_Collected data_
»»
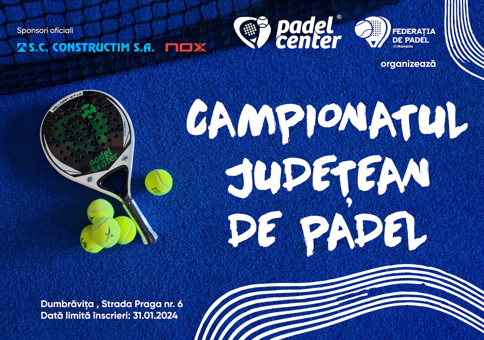Cu sprijinul sponsorilor principali, CONSTRUCTIM S.A., Padel Store și Nox Padel, se vor acorda premii pentru primele 3 locuri din fiecare nivel de joc.
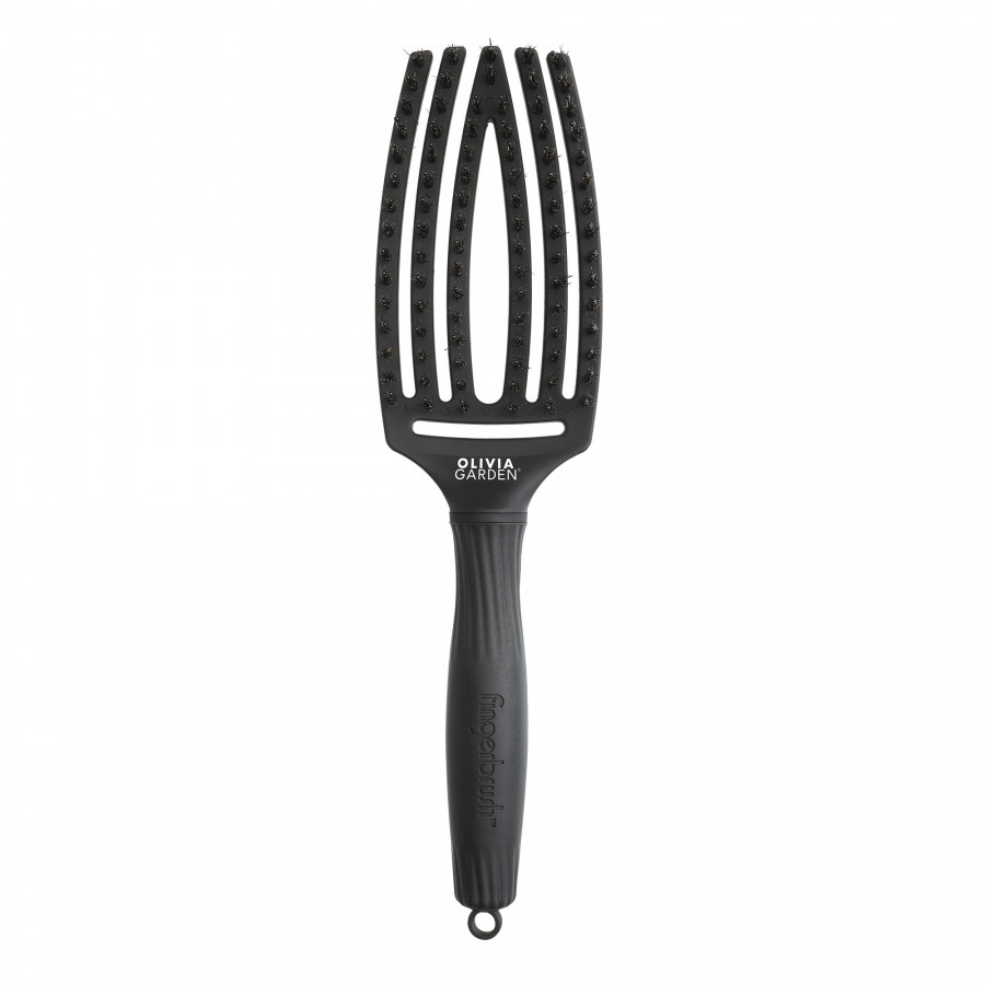 La Fingerbrush Iconic Boar & Nylon Full Black de Olivia Garden est une brosse innovante conçue pour démêler facilement et sans douleur tout en prenant soin des cheveux et du cuir chevelu. Grâce à la combinaison de poils de sanglier et de picots en nylon, elle offre une distribution uniforme des huiles naturelles, ce qui améliore la brillance des cheveux tout en réduisant les frisottis.
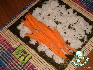 На циновочку блестящей сторой вниз кладется лист водоросли.
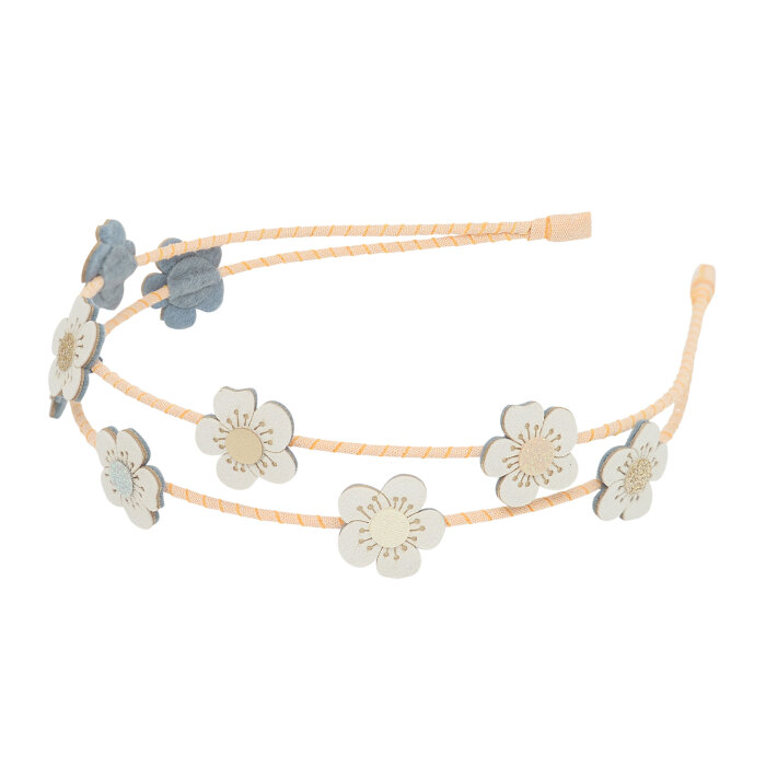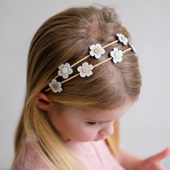 Rajf za djecu od 3 do 10 godina ima dvije vrpcom obložene trake i ukrašen je s devet prekrasnih cvjetića u neutralnim tonovima koji se slažu sa svakim stilom. Cvjetovi su izrađeni od mekanih, glitter i metalik tkanina, dajući veseli i nježan detalj koji savršeno upotpunjuje proljetne i ljetne frizure.
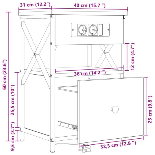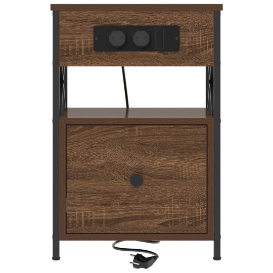 - Materiale de calitate: Construită din lemn prelucrat pentru utilizare de lungă durată, această noptieră combină rezistența cu estetică elegantă. Finisajul texturat al suprafeței, combinat cu un cadru din oțel, oferă o fundație structurală robustă care rezistă uzurii zilnice menținându-și în același timp atractivitatea stilistică.
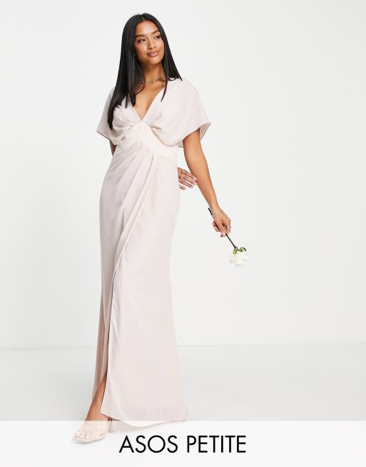 ASOS DESIGN Petite Bridesmaid blouson sleeve maxi dress with satin chevron waist band and button back in blush
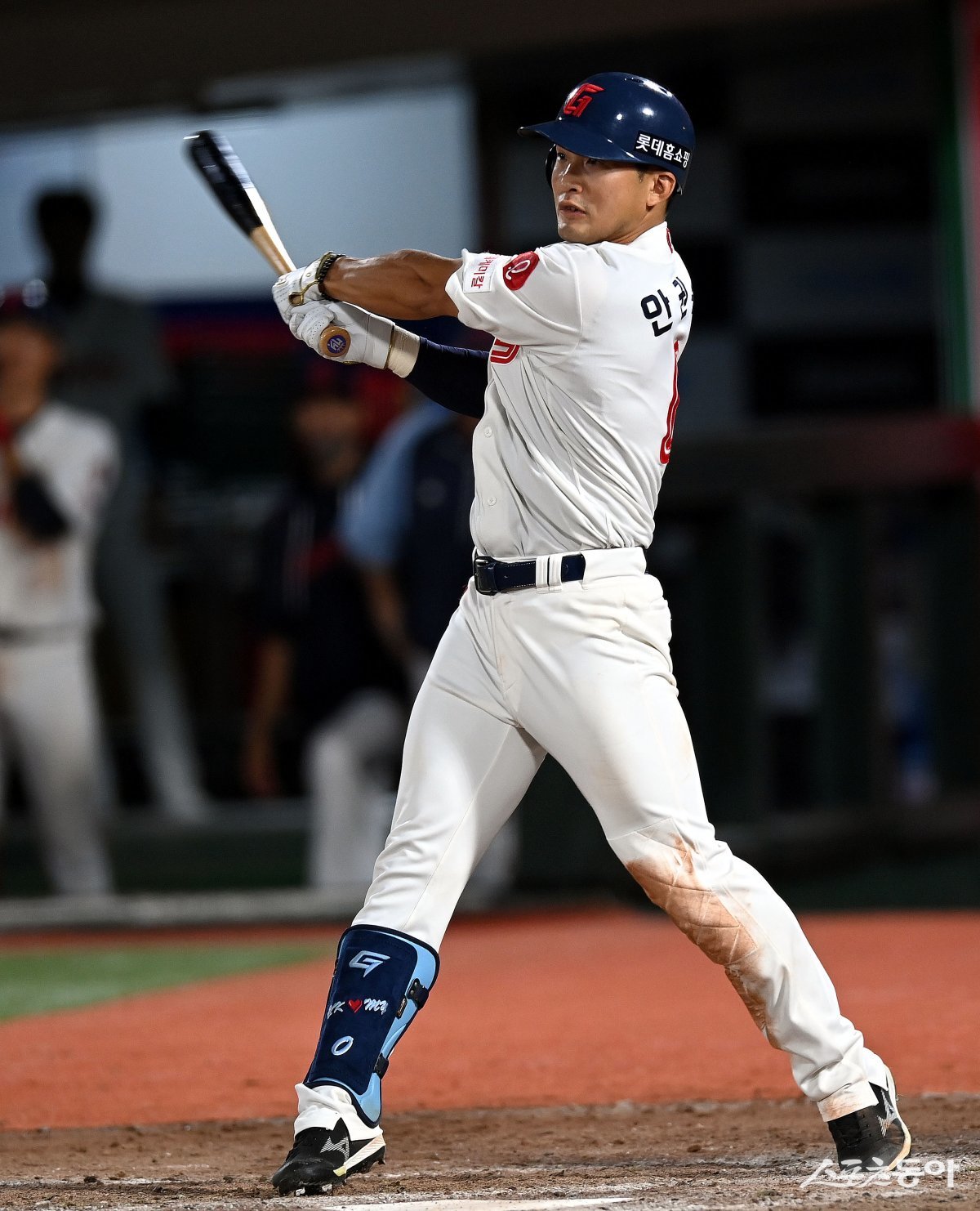 16일 부산 사직야구장에서 ‘2023 신한은행 SOL KBO리그’ 롯데 자이언츠와 SSG 랜더스 경기가 열렸다. 7회말 무사 1루에서 롯데 안권수가 1타점 2루타를 날리고 있다.
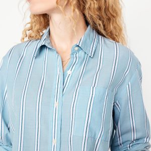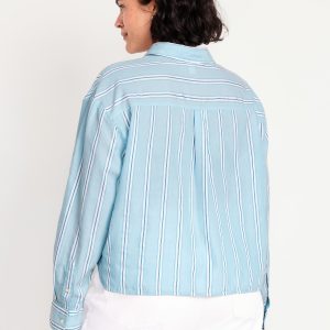 Cropped Button-Down Striped Shirt: spread collar, long sleeves with buttoned cuffs, full-button front, patch chest pocket, vertical striped print, #825106
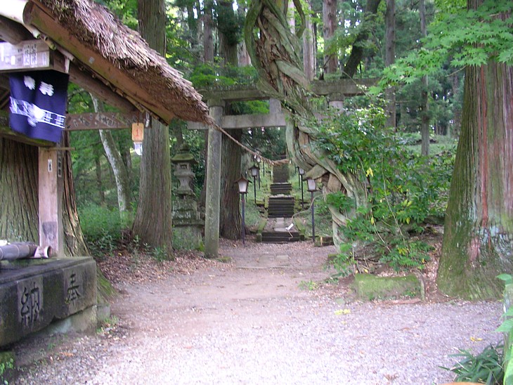 蔦の絡んだ大木が視界を遮る。関が廃された以後は「旗宿の鎮守」として崇敬された小社である。
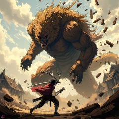 titanara, digital drawing in the anime style, A dramatic showdown between Levi and the Beast Titan on the outskirts of a destroyed village. Levi is mid-attack, spinning rapidly with his blades aimed at the Beast Titan’s nape. The Beast Titan, towering and covered in fur, has just hurled a barrage of debris with incredible force, but Levi’s agility allows him to dodge and close in for the kill. The background shows the aftermath of battle, with shattered buildings and scattered corpses. The lighting is harsh, with the sun low on the horizon, casting long shadows and highlighting the tension of the scene.
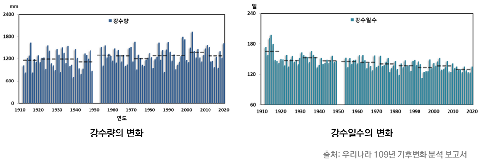 강수량은 어떨까요? 과거 30년(1912~1940년)에 비해 최근 30년(1991~2020년)에는 강수량이 135mm 증가한 것에 반해, 강수 일수는 21일 감소했습니다. 특히 여름철 강수량이 크게 증가했는데요, 비 오는 날은 적은데 비의 양이 많아졌다는 건, 비가 골고루 안 오고 특정한 시기에 집중해서 내렸다는 것을 의미합니다.
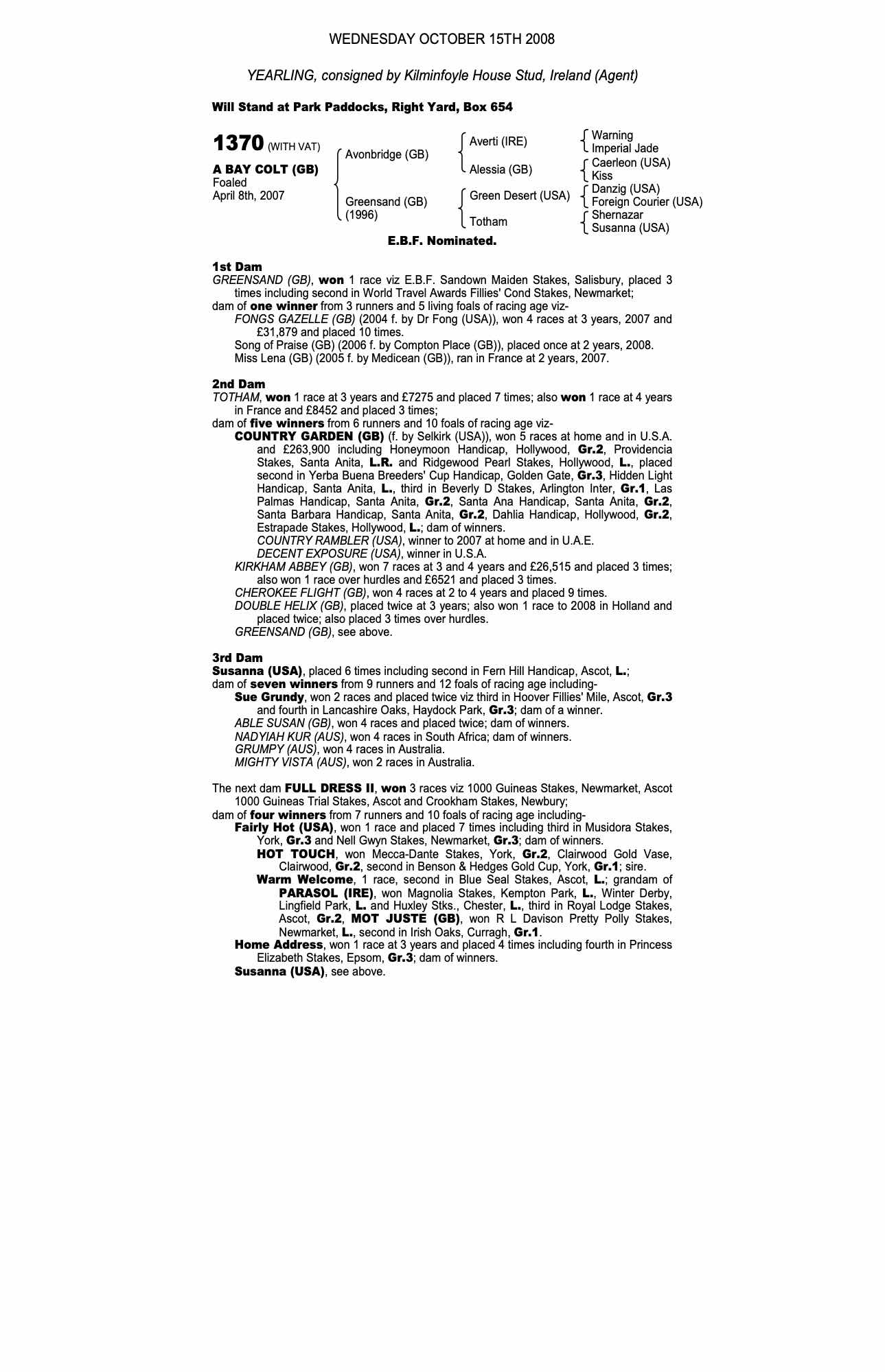 Consignor: Kilminfoyle House Stud, Ireland (Agent)
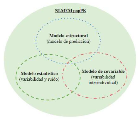 Los modelos PopPK están compuestos por datos, modelo estructural (describe la concentración x tiempo), modelo estadístico (describe la variabilidad residual), modelo de covariables y el software responsable del modelado (Mould y Upton, 2013; Bon et al., 2018). En general, la estructura del modelo se puede representar mediante el esquema indicado en la Figura 2.
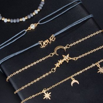 Fleepmart Bohemia Love Moon Bracelets for Women Charms Bead Gold Star Clear Crystal Stone Letter Rope Jewelry Accessories
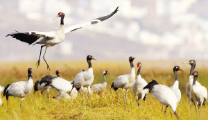 在草原腹地,隨時(shí)都會(huì)遇上藏野驢、藏狐貍,遠(yuǎn)遠(yuǎn)就能望見棲息在湖邊水草地上的珍稀黑頸鶴,甚至還能遇上草原的“清道夫”——金雕。
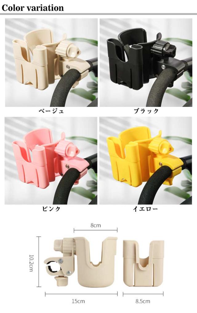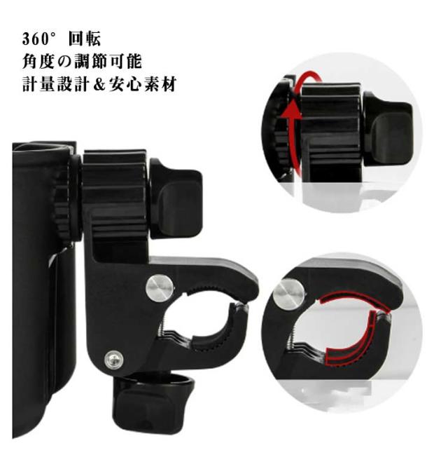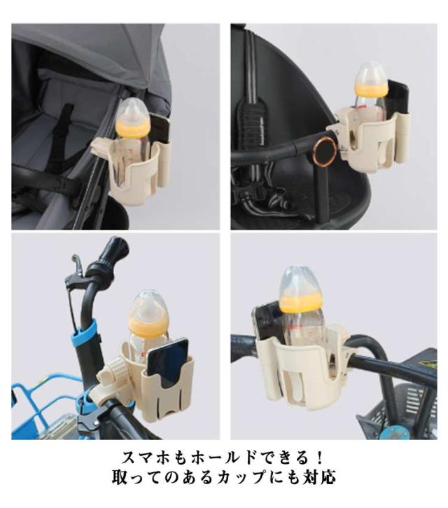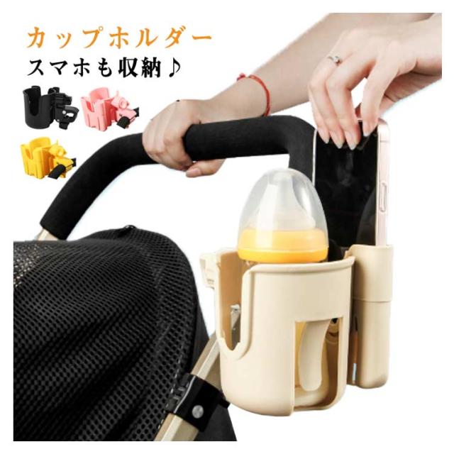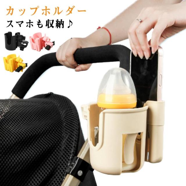 ベビーカー ドリンクホルダー スマホホルダー付き ボトルホルダー カップホルダー 取り付け 簡単 サドル シンプル 収納 ペットボトル 飲み物 ドリンク ベビーマグ カフェ 哺乳瓶 水筒 360度回転 便利 収納便利 携帯電話収納 軽量 水分補給
««
_Task to complete_
Among the entries above, find the line with "Cropped Button-Down Striped" and repeat exactly from there through the line with "蔦の絡んだ大木が視界を遮る。", leaving out the pictures.

_Completed task_
 Cropped Button-Down Striped Shirt: spread collar, long sleeves with buttoned cuffs, full-button front, patch chest pocket, vertical striped print, #825106
 蔦の絡んだ大木が視界を遮る。関が廃された以後は「旗宿の鎮守」として崇敬された小社である。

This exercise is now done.